I felt like saying, I know the feeling, but he’d probably take it the wrong way, he can be a bit touchy now and again. He was looking beyond me obviously having some form of dialogue with himself. I saw his eyes moisten and laid my hand on his. It took him a moment to realise what had happened and when he did he smiled in a loving but sad sort of way.

“Ye’re a guid lassie, Cathy. He’d hae loved ye just as much as I dae.”

“Did he know your Catherine?”

“Aye but only as a bairn, he did notice she wisnae very boyish.”

“Oh?”

“Aye, he said she wis more like a girl than a boy.”

“That happened to me as well apparently, so it seems bystanders do see more of the game, don’t they?”

“Aye, sometimes.” He took his coffee and the paper down to his study and I made Si a cup of coffee and took it up to him. He had company in bed—two shameless hussies, Cate and Lizzie. How had she got into the bed. Si was fast asleep.

“Did you help Lizzie into my bed?” I asked Cate.

“I might have,” she said acting very coy.

“I need to know if you did sweetheart.”

“Is you cross with me?”

“No, of course not.” I woke Simon and gave him his coffee then took Lizzie down for her breakfast followed by Cate, then Danielle—oh poo she was playing football today and I forgot—again.

“You comin’ to watch me?”

“If I can get someone to watch the little ones.

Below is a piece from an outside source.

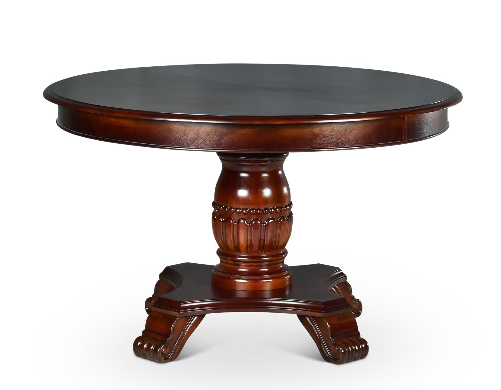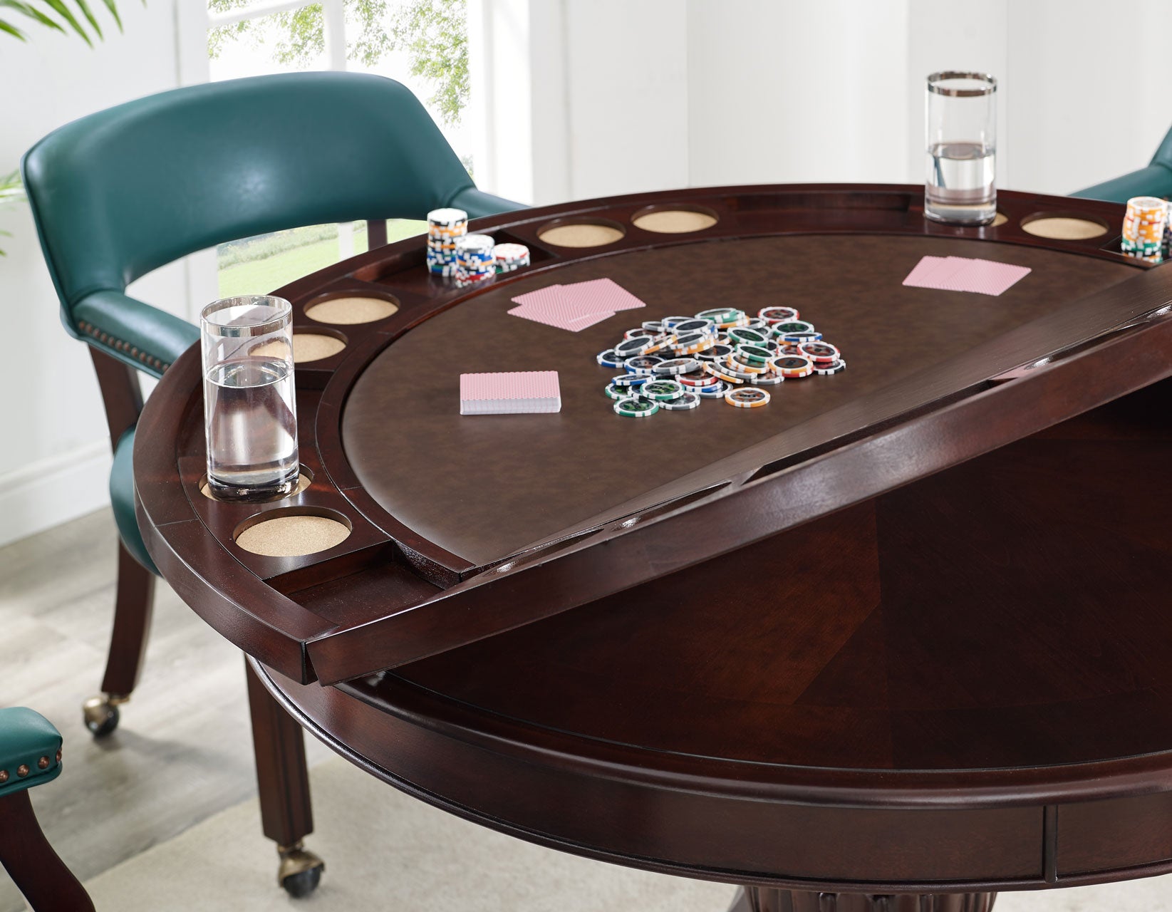 Enjoy both game night and dining night with this game table and chairs set. The 48-inch round table comes in a medium cherry finish and can accommodate four comfortably for dining. The game table easily converts to a game table with the addition of the game table top that is available in brown faux-leather (as shown) or black faux-leather. The game top folds and stores easily and the table goes back to a dining table. The upholstered Captain’s Chair is castered for easy mobility and comes in a wide range of colors perfect for every decor.

Trish might be interested.”

“Nah, it’s gonna rain, she don’t do rain.” I recalled her getting all flustered when her zip jammed last week.

“No, I don’t suppose she does. Go and ask your dad, he’d probably come.”

“He said he had things to do this morning.”

“He didn’t tell me.”

“Oops, have I dropped him in it?”

“No, of course not,” I said while trying to think if he’d said anything about Sunday morning. It was probably work related. I’ll have to ask Jacquie and Julie to babysit. Trish and Livvie with Mima will be okay, they’ve probably got homework to do anyway and as it’s going to rain they won’t be worried about not going anywhere.

Julie and Phoebe arrived at the table. “What are you doing up?” I almost gasped.

“I’m fine thank you mother.”

“How are you, darling?” I asked facetiously.

“We’ve got a course arranged at Winchester.”

“Oh, you making sandwiches?”

“Nah food is provided.”

“A course on what?”

“Some laser thingy to ease wrinkles. We’re not gonna buy one, they’re about five or six grand.”

“Ouch.”

“Yeah, but at least we get a chance to try them.”